Referiu que as questões de género constituem um factor indispensável no processo de desenvolvimento de Angola, visto que derruba as barreiras ligadas à educação tradicional, harmoniza as relações sociais, cria oportunidades iguais em todas as áreas e níveis e constrói uma sociedade onde o direitos humanos se fazem sentir,
Considerou imprescindível a implementação de acções de sensibilização, educação, capacitação e monitorização para que as comunidades possam perceber a necessidade de mudança de comportamentos, atitudes e práticas.
“O homem e a mulher são biologicamente diferentes mas socialmente iguais, já que estabelecem relações em si que se complementam, no respeito e na solidariedade", sublinhou.
Associou a violência doméstica ao impacto negativo que doenças como HIV/SIDA provocam as famílias e lembrou que em 2002 a Organização Mundial da Saúde (OMS) considerava que a violência, no seu conjunto, como uma das principais causas de morte e de lesões não-fatais no mundo.
Baptista Kussumua afirmou que, embora não seja um caso novo, a violência doméstica contra a mulher ganha maior visibilidade social pelo facto de ter deixado de ser um “assunto privado” passando a ser um “problema de saúde”.

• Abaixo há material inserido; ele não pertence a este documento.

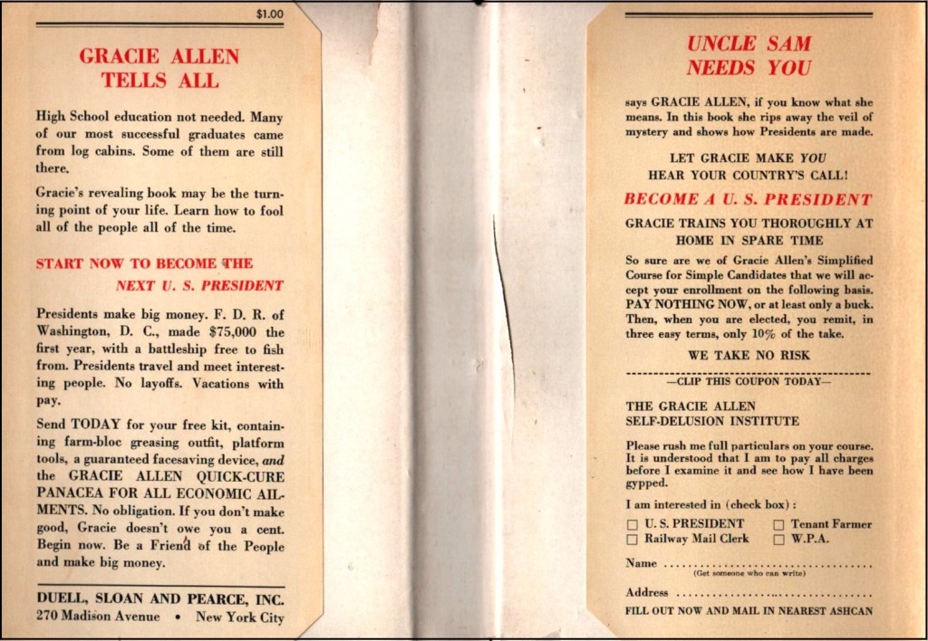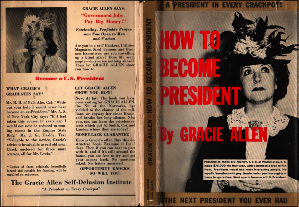 Oh yeah, there was a book, too, How to Become President, issued by the Gracie Allen Self-Delusion Center, illustrations by Charles Lofgren. Author to this day unknown, as well he should be. At 96 pages, 22 blank or with full-page drawings, it barely had more material than Cantor’s and was probably ground out in even less time. Gracie’s humor rested almost entirely on her screwball, scatterbrained, or dizzy answers to George’s questions. The book removed George and left the answers, a poor imitation of what made Gracie irresistibly endearing. It remains one of the few humor books in which the dust jacket is far funnier than the interior.

Sugeriu que a prevenção seja baseada num modelo de desenvolvimento das comunidades que contribua para mudanças de atitudes, valores e comportamentos a favor de um ambiente de relações mais igualitário entre homens e mulheres.
Explicou quea Lei contra a Violência Doméstica, aprovada em 2011, incorpora pontos específicos de criminalização de agressões físicas ou psicológicas, políticas públicas de prevenção, a construção de abrigos para as vítimas sem recursos próprios, bem como apoio psicológico e material oferecido pelo Estado.
No II trimestre de 2011 registaram-se no país mil 86 casos de violência, dos quais foram vítimas 964 mulheres (89%) e 122 homens (11%).